When the first rogue lunged, I didn't freeze. I swung the heavy bag of medical supplies with every ounce of strength I had, smashing it into his face. He howled, stumbling back with a bloody nose.
"Run," my mind screamed.
I bolted. Branches whipped against my face, tearing at my skin, but I didn't stop. I could hear their heavy panting behind me, the snap of twigs as they gave chase. I knew the terrain better than they did—I had played in these woods as a child.
Ahead, the ground dropped off sharply into a ravine choked with thorny blackberry bushes. It was dangerous, steep, and dark. Perfect.
Without hesitation, I threw myself over the edge. I tumbled down the slope, the thorns tearing at my grey uniform and slicing into my arms and legs. I bit my tongue to keep from screaming as I slammed into the muddy bottom, rolling into a small crevice beneath a fallen log.
I lay there for hours, shivering in the mud, listening to them prowl above. They cursed my name, kicking rocks down the slope, but the dense thorns masked my scent just enough. I curled into a ball, my hands still protectively clutching my abdomen, tears mixing with the dirt on my face.
***
By the time I limped back to the Pack House, the sun was rising, casting long, accusing shadows across the lawn. My uniform was in tatters, covered in mud and dried blood. My ankle throbbed with every step, and the rogue scent clung to my skin like a disease.
I just wanted a hot shower. I wanted to feel safe.
But as I pushed open the heavy front doors, I realized safety was a memory.
Wyatt and Nina were standing in the grand foyer. Nina was crying—fake, theatrical sobs—while Wyatt paced like a caged tiger, his aura radiating a terrifying heat.
"There she is!" Nina shrieked, pointing a manicured finger at me. "I told you, Wyatt! I told you she was sneaking out!"
Wyatt stopped pacing. He turned slowly, his eyes locking onto me. For a second, I saw relief flash in his amber gaze, but it was instantly incinerated by rage as he inhaled deeply.
He didn't smell the blood. He didn't smell the fear. He smelled *them*.
"Rogues," he growled, the word vibrating through the floorboards.

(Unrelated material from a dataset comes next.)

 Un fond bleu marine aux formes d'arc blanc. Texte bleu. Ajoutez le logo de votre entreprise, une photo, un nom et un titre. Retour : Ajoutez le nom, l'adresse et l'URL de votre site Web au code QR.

He stalked toward me, his nostrils flaring. "You smell like male rogues."
"Wyatt, please," I rasped, my throat raw. "It was a trap. They ambushed me. I barely escaped..."
"A trap?" Nina scoffed, stepping up beside him. "Don't lie, Arabella. You didn't want to deliver the supplies. You wanted to meet your lovers at the border. I saw you leave with a smile on your face!"

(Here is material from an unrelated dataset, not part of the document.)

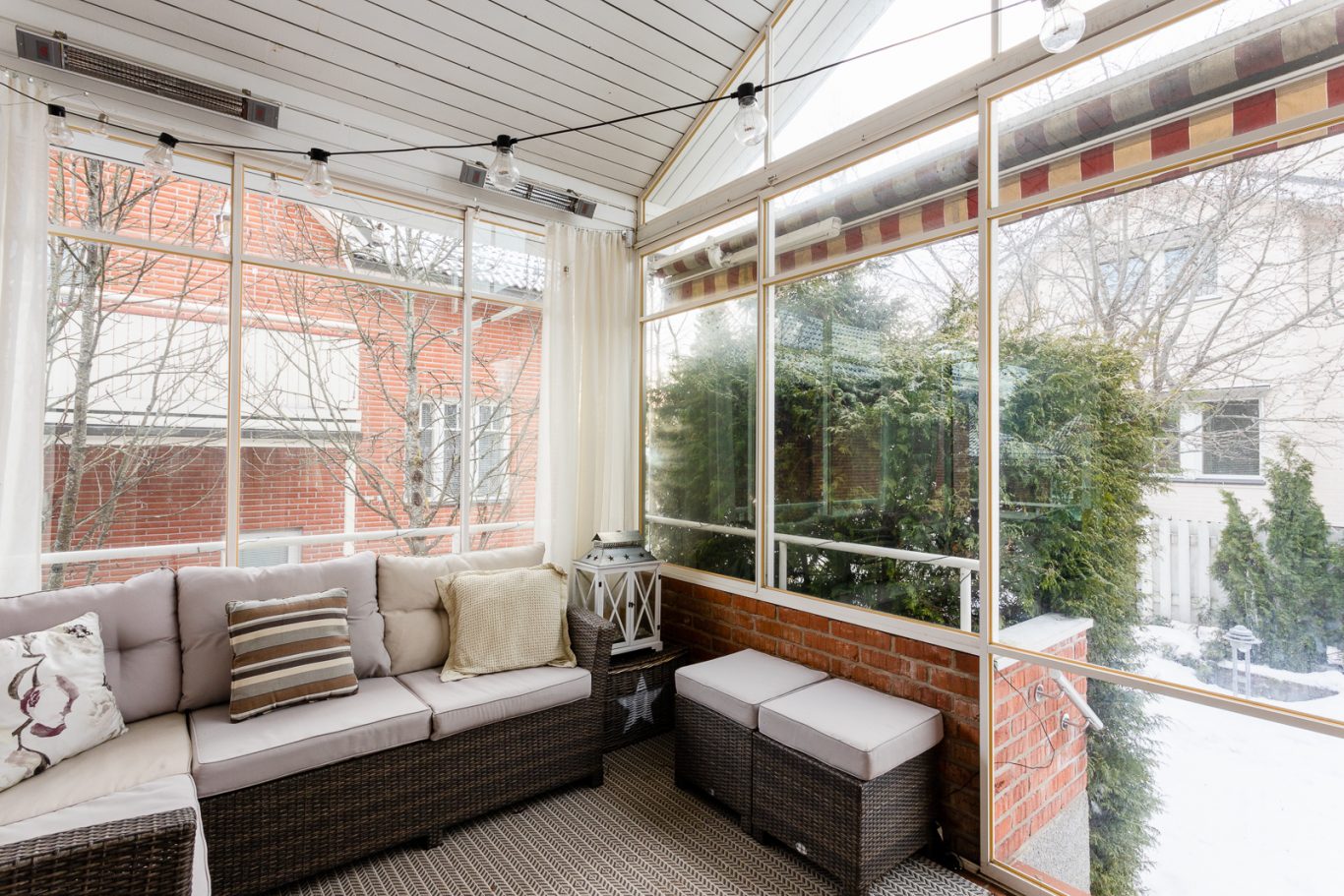 Lasitetun terassin kautta kuljet suoraan suojaisalle pihalle, jossa voit nauttia ulkona oleskelusta varhain keväästä pitkälle syksyyn. Tilava patio ja kaivo kasteluvedelle tekevät pihan hoidosta ja kesäpäivien vietosta vaivatonta.

"No!" I cried, looking desperately at Wyatt. "She sent me there! She said there were no cars! Wyatt, look at me! I'm bleeding!"

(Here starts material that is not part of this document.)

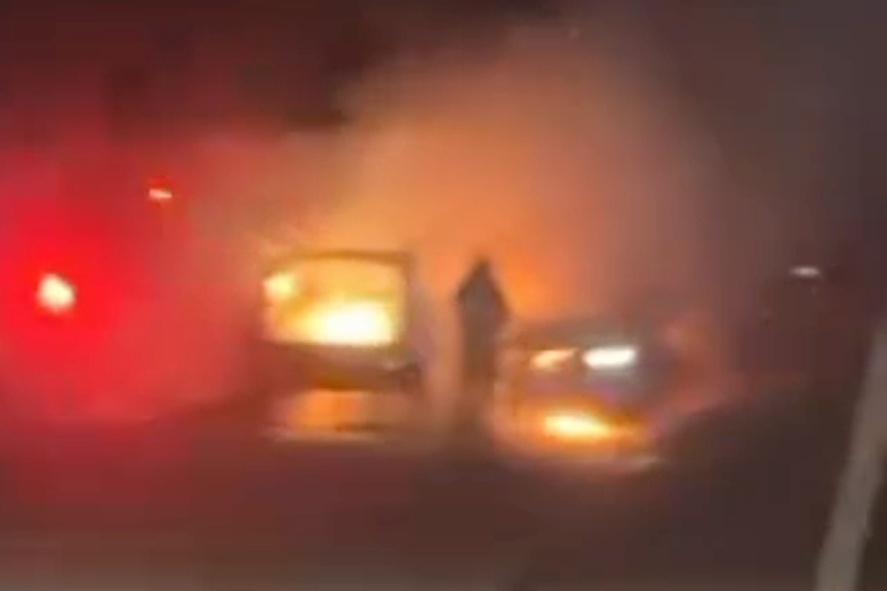 Images from the scene showed both vehicles engulfed in flames on the roadway.

Wyatt grabbed my chin, forcing my head up. His grip was bruising. He leaned in, sniffing my neck where the rogue's scent was strongest. His face twisted in disgust, his jealousy flaring hot and irrational. He didn't see a victim; he saw property that had been touched by another.
"You reek of them," he spat, shoving me away so hard I stumbled and fell to the floor. "I thought you were just a traitor's daughter, Arabella. I didn't know you were a whore."
"I'm not!" I sobbed, clutching my stomach as pain cramped through me. "I would never—"
"Get her out of my sight," Wyatt roared, turning his back on me. "Lock her in her room. If she tries to leave to meet her mongrels again, break her legs."